Еще не сев за стол, Мутгарай твердо решил остаться на этой квартире. Приметил и место для себя. Вот этот стол чуть отодвинуть к порогу, а сундук убрать под стол, освободится на полу порядочно места. Что ни говори, все же не в палатке, не на холоду.
Если бы не проснулась дочка Фариды, то они вдвоем спокойно бы поужинали. Но ребенок проснулся и, увидев чужого человека, стал громко плакать.
— Чу, Фатыма, это дядя, хороший дядя к нам пришел.
Однако маленькая Фатыма никак не хотела примириться с присутствием в доме этого краснолицего дяди. Чем больше ее утешали, тем громче она плакала. Испуганно охватила ручонками шею матери и никак не могла успокоиться.
— Какой дикий ребенок, в доме нельзя появляться мужчине! — проговорила Фарида, утешая дочку.
— Значит, у тебя надежная охрана! — засмеялся Мутгарай.
Он подосадовал, что, зная о ребенке, не догадался купить хотя бы конфет. И прошло порядочно времени, пока они успокоили и уложили ребенка спать. Картошка на столе уже остыла и потеряла вкус. Да не беда, с голодухи пошла.

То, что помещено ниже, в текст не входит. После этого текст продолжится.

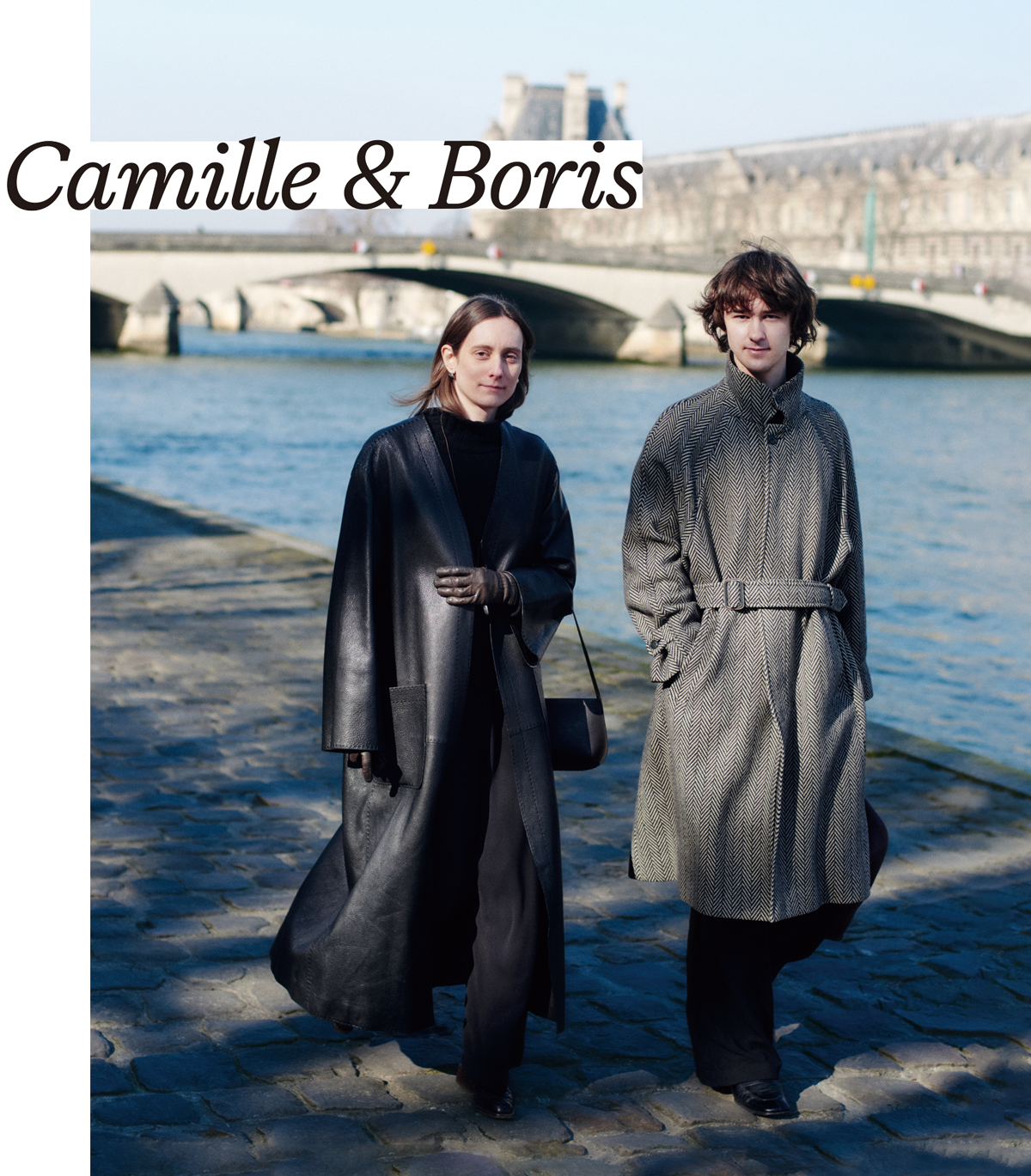 カミーユ:エルメスの鹿革ロングコート(非売品)、カシミアニット450ユーロ、マルジェラ期エルメスのシルクパンツ750ユーロ、バリーのヘビ革ニーハイブーツ1,400ユーロ/以上プレクローズド  カーフレザーのバッグ「Bra」610ユーロ/ファン  手袋、ネックレス/ともに私物  ボリス:ジョルジオ アルマーニの80年代キャメル&アンゴラコート1,200ユーロ、エルメスのウールカシミアパンツ740ユーロ、サンローラン バイ エディ・スリマンのカーフレザーブーツ650ユーロ/以上プレクローズド

— Пожалуй, мне тоже пора лечь, — сказал Мутгарай. Он отодвинул стол и стал готовить себе место.
— Ты ложись сюда, а я — на сундуке. — Фарида мигом раскидала постель.
— Нет уж, так не пойдет, — возразил Мутгарай. — Я выбрал себе место. Вот сейчас отодвину сундук и…
— Еще чего! Ты же в гостях…
— Гость должен быть скромным! — Мутгарай одним движением засунул сундук под стол. — Не говори много, дай лучше подушку…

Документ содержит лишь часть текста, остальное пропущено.